ACTION ITEM:
When you copy from the entries that follow, take only the lines from the one with "ドル円日足です。(18:01現在)" down to the one with "Картины, нарисованные на", keeping both ends and dropping every picture.

EXTRACTED ENTRIES:
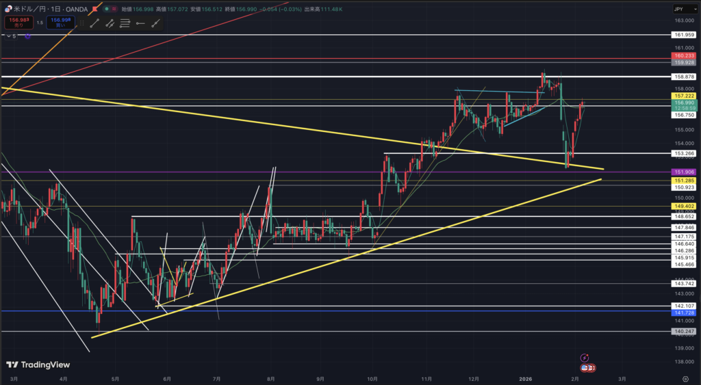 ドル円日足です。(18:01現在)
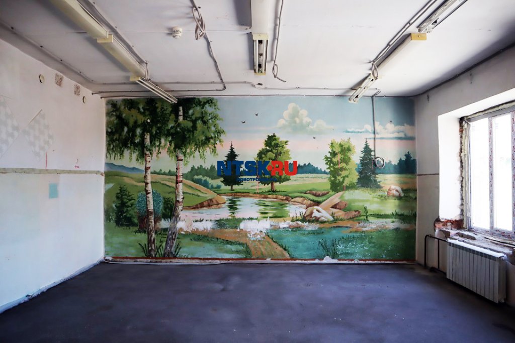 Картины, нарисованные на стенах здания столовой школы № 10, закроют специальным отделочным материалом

---

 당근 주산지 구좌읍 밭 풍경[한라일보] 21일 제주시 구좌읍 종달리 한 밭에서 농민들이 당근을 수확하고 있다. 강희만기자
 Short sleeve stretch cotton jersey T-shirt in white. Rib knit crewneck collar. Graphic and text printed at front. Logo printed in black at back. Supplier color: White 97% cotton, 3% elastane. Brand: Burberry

RESULT:
 ドル円日足です。(18:01現在)
 Картины, нарисованные на стенах здания столовой школы № 10, закроют специальным отделочным материалом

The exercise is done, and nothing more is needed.